Review of Pocket Money

Pocket Money (1972)
3/10
What We've Got He-ah', Is Failure to CAPTIVATE!
13 May 2015
Warning: Spoilers
I'd never heard of this movie until I read web-site article about Dwight Yoakam, which included an interview. Dwight gave this movie a big shout out, saying it was highly unconventional, yet quite likable. And since I've pretty much liked Paul Newman and Lee Marvin in almost everything they've been in, I took a chance. Let's just say that I'm still on board with Dwight the musician, but I've got a big thumbs down to Dwight the movie critic.

I'm going to be brief, as I don't want to rain on Terence Malick's script and Stuart Rosenberg's direction too hard. But this movie just never got going AT ALL. It just seemed like the boys from "Cool Hand Luke" (Newman, Strother Martin & Wayne Rogers, along with Rosenberg) decided to put the band back together again, but forgot to include a REAL STORY.

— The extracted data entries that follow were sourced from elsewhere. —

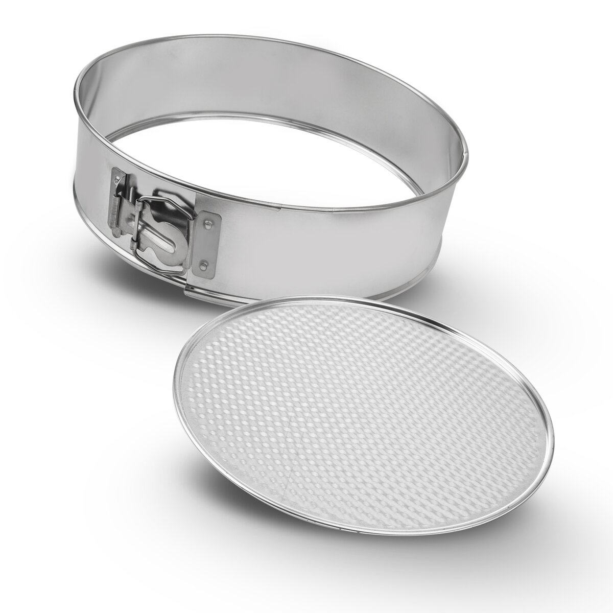 Kód produktu 151770Okrúhla tortová pocínovaná forma s priemerom 18 cm, s odnímateľným dnom na pečenie korpusu aj výrobu nepečených múčnikov a aspikov. Je opatrená prackou pre ľahšie vyberanie upečených dobrôt.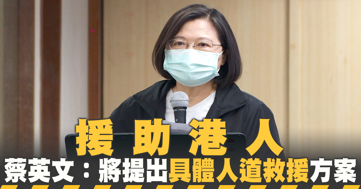 總統蔡英文針對中共強推港版國安法,主動發表談話,同時宣布已經和行政院長蘇貞昌達成共識,要組成專案小組,進行跨部會協調,由陸委會提出具體機制,提供包括港人在台居留的相關援助。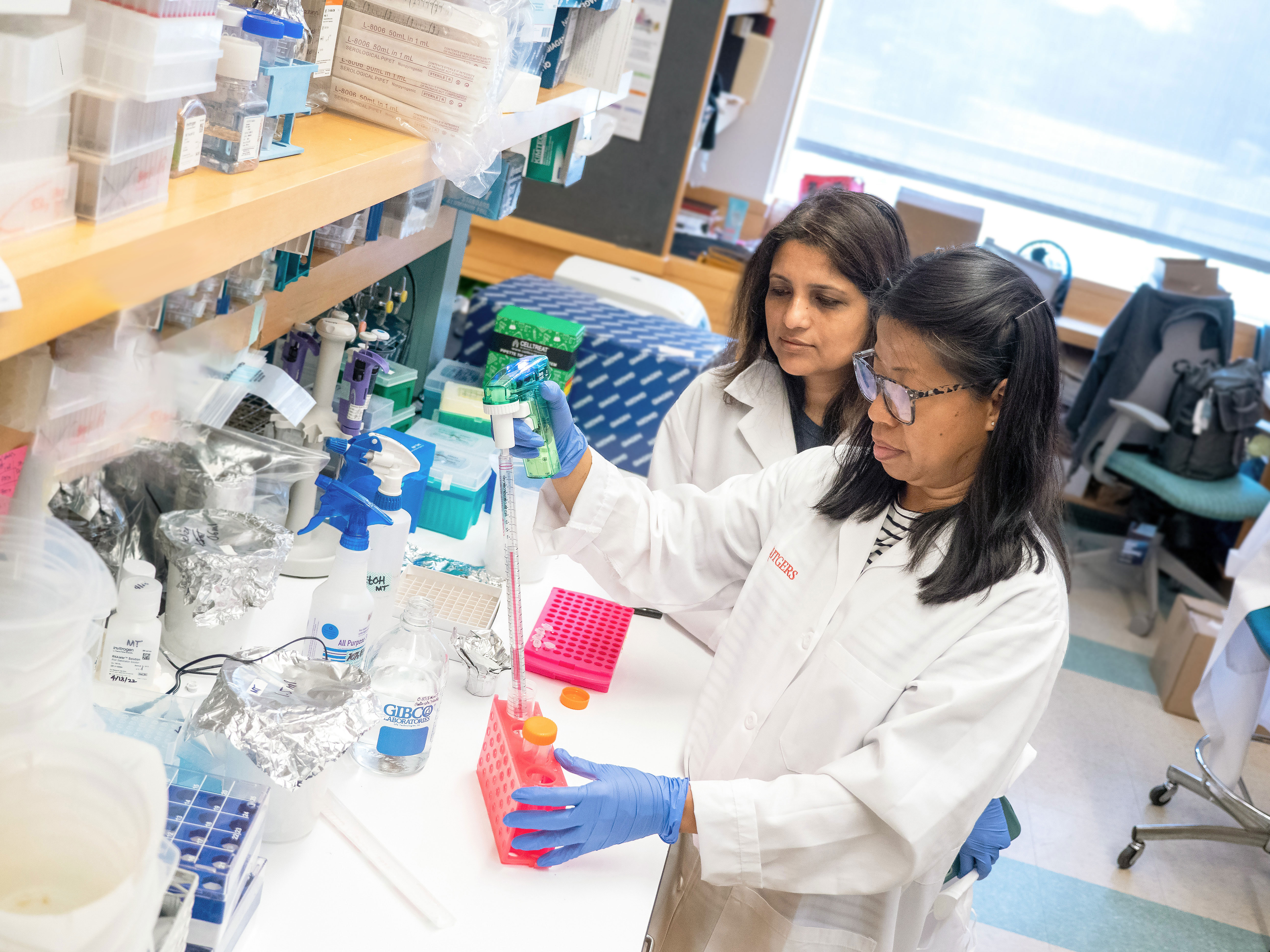 Researchers in white coats use a pipette in a microbiology lab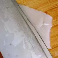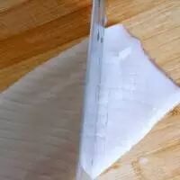 8.从下面的角开始,用刀跟划开的痕成直角,直着刀划下去,不要切断;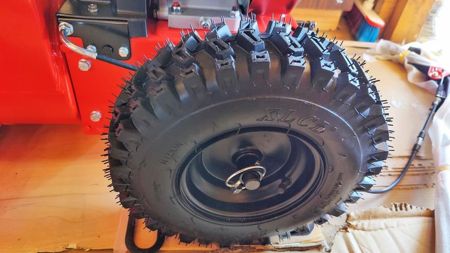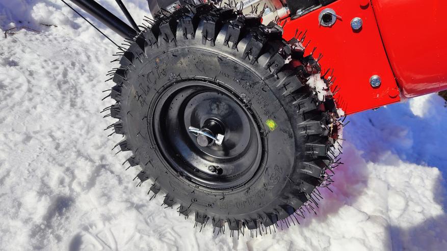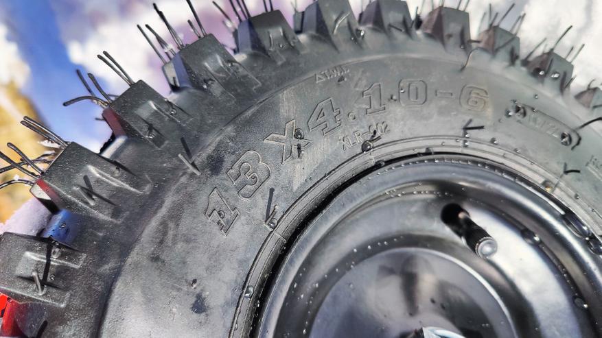 Колеса с шипастым протектором, зафиксированы на валу стопорами. Параметры колеса нанесены на резиновой покрышке

Instead, we get Newman as a broke cattleman, bumbling around South of the Border negotiating cattle prices with stubborn Mexican ranchers. Where's the humor and/or intrigue with that plot line? When the only (semi) interesting part of the film is Elizondo & Sierra, two US citizens of Puerto Rican descent, playing smarmy Mexicans, you've got real problems in a movie with 2 stars as big as Newman and Marvin. Stay away from this one unless you're a Newman "completest"!